** WORK INSTRUCTIONS **
Count the lines in the records below that contain the word "during", and give only that count.

** ENTRIES PROVIDED **
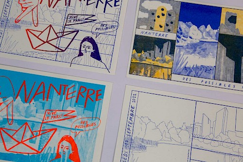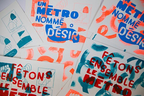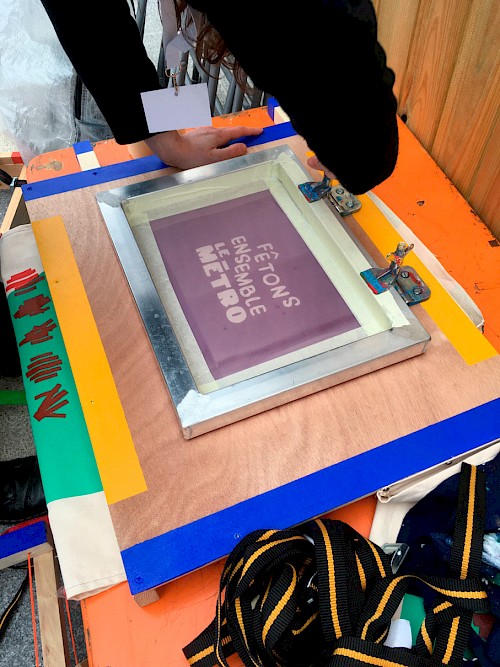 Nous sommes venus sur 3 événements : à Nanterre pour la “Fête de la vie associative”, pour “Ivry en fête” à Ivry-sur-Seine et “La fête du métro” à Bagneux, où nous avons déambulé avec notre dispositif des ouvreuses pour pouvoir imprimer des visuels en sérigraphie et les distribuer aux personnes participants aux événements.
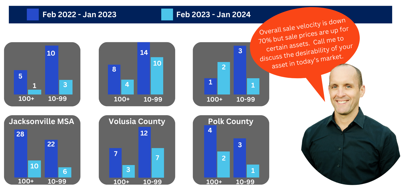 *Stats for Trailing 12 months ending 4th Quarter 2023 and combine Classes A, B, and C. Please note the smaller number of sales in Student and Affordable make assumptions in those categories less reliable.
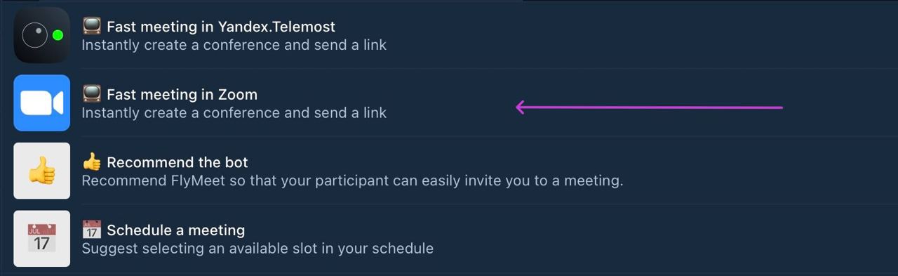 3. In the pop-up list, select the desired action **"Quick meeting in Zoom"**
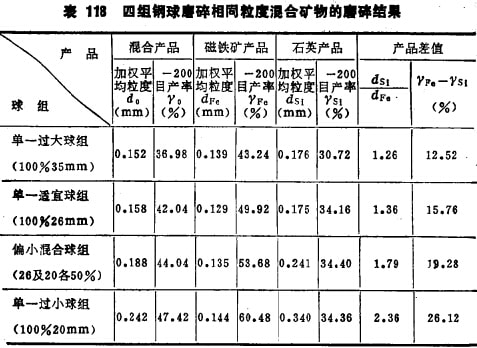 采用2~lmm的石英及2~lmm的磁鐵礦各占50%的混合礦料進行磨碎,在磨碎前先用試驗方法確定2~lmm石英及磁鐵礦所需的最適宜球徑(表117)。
--
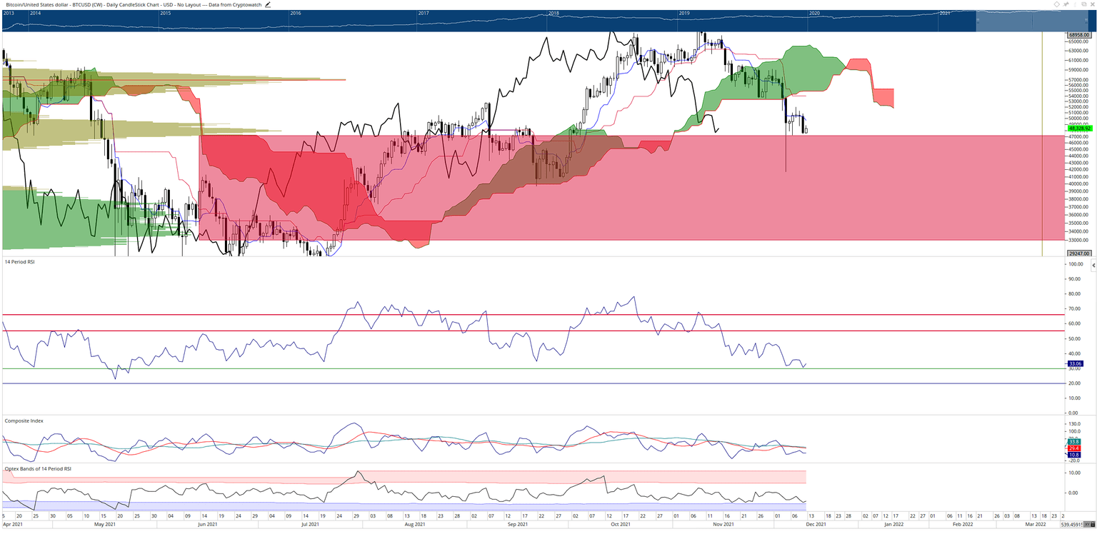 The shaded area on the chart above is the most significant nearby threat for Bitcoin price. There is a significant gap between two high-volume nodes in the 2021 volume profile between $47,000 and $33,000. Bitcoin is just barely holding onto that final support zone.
==
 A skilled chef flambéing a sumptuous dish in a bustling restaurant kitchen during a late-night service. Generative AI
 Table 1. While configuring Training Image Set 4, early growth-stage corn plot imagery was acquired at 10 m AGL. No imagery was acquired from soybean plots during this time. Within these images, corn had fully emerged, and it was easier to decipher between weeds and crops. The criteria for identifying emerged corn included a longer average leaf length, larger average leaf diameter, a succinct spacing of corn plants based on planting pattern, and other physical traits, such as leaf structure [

** RESPONSE **
2